### Task item
Would you transcribe the records below from the line with "Our department hosts" to the line with "A 0.5 Litre", ends included, exactly and with nothing more, leaving the pictures out?

### Information provided
★ ★ ★ ★ ★

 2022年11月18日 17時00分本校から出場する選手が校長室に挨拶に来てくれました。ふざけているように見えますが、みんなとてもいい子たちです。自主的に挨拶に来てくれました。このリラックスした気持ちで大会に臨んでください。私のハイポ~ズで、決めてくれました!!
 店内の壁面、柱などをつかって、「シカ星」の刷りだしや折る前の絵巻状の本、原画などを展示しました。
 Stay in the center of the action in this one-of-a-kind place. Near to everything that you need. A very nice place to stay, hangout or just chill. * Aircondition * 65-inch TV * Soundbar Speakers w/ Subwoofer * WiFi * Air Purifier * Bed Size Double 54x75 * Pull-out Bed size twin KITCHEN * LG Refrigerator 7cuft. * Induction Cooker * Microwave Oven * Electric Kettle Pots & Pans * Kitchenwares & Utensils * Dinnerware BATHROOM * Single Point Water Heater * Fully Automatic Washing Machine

★ ★ ★ ★ ★

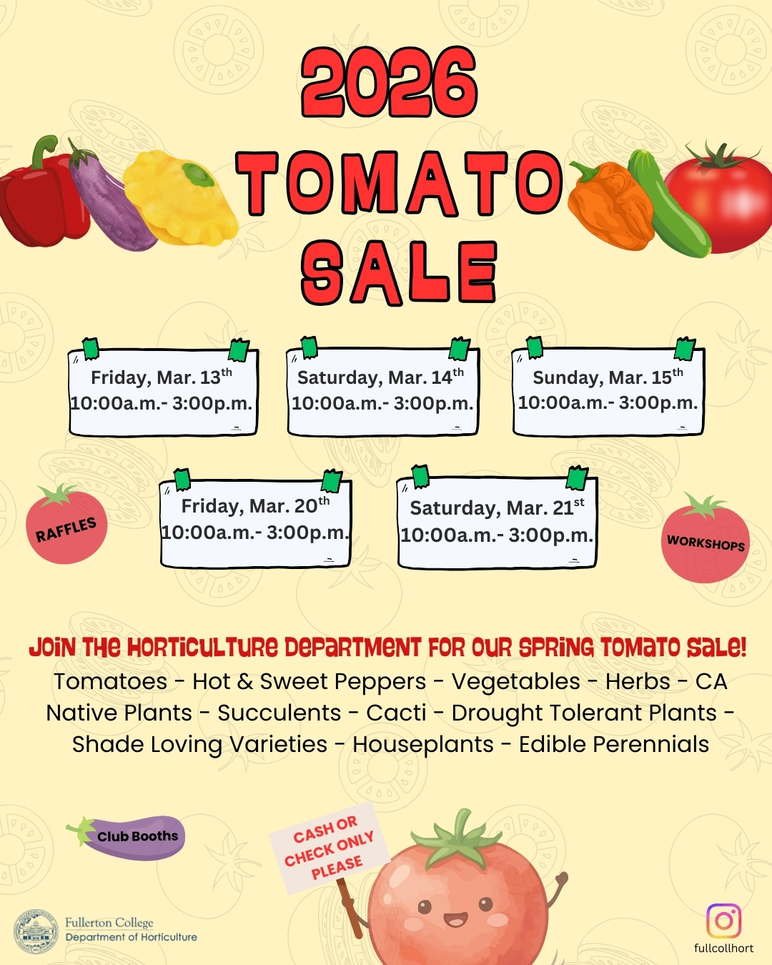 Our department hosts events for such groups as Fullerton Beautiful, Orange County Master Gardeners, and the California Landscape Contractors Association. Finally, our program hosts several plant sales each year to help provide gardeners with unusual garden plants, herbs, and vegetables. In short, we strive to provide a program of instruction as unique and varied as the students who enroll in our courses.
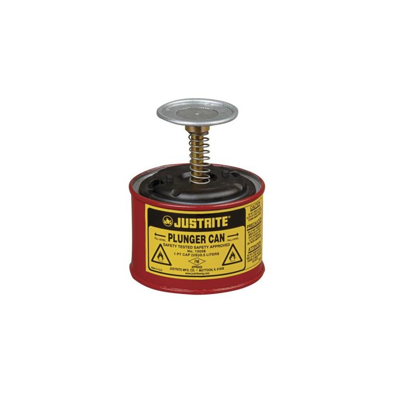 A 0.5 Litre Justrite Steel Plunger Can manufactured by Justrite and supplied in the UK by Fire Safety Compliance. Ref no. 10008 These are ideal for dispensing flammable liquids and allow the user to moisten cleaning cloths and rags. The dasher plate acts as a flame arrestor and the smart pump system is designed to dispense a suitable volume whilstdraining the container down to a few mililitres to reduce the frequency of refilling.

★ ★ ★ ★ ★

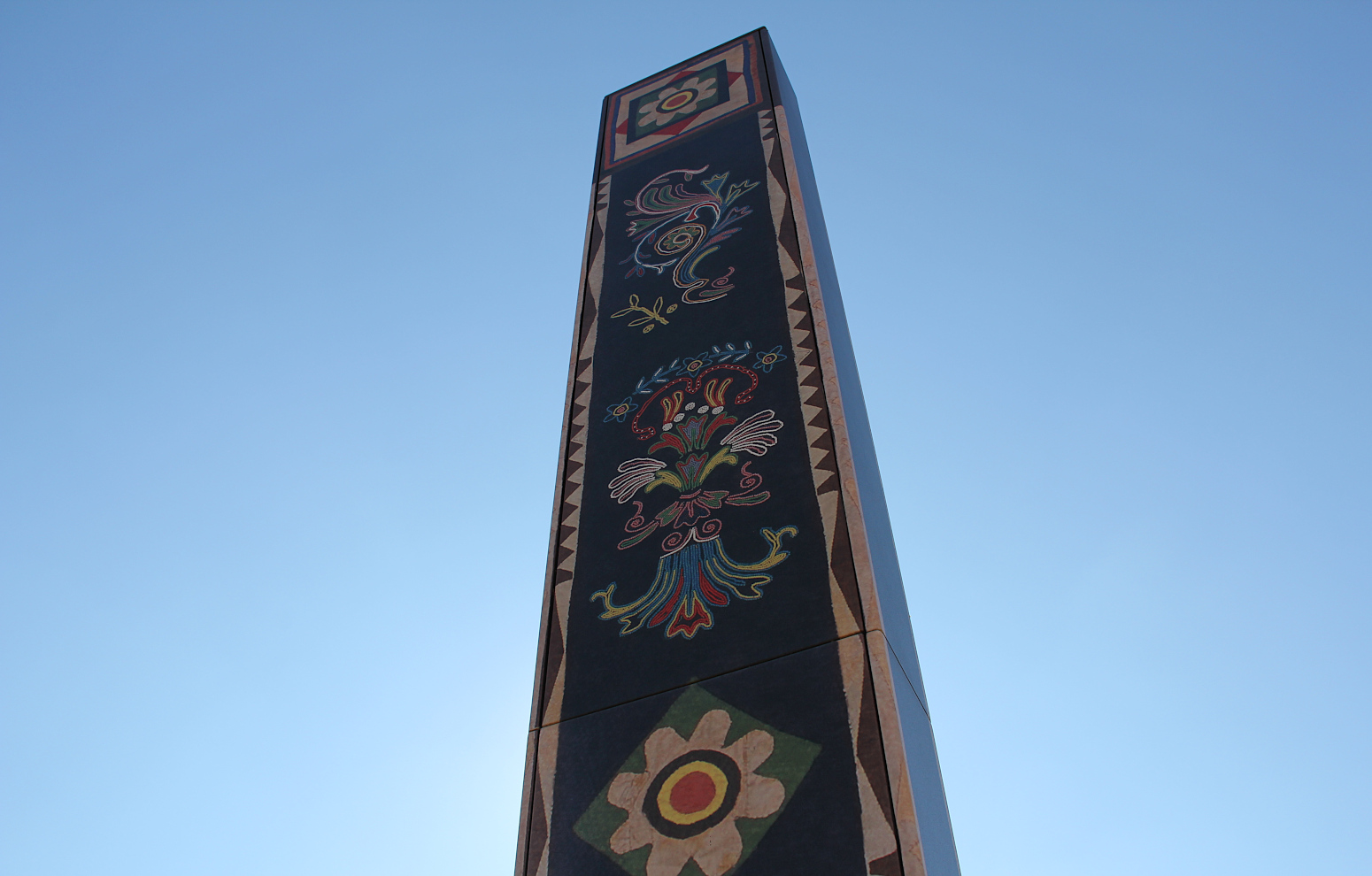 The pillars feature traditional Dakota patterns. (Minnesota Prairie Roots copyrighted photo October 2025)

★ ★ ★ ★ ★

### Your solution
 Our department hosts events for such groups as Fullerton Beautiful, Orange County Master Gardeners, and the California Landscape Contractors Association. Finally, our program hosts several plant sales each year to help provide gardeners with unusual garden plants, herbs, and vegetables. In short, we strive to provide a program of instruction as unique and varied as the students who enroll in our courses.
 A 0.5 Litre Justrite Steel Plunger Can manufactured by Justrite and supplied in the UK by Fire Safety Compliance. Ref no. 10008 These are ideal for dispensing flammable liquids and allow the user to moisten cleaning cloths and rags. The dasher plate acts as a flame arrestor and the smart pump system is designed to dispense a suitable volume whilstdraining the container down to a few mililitres to reduce the frequency of refilling.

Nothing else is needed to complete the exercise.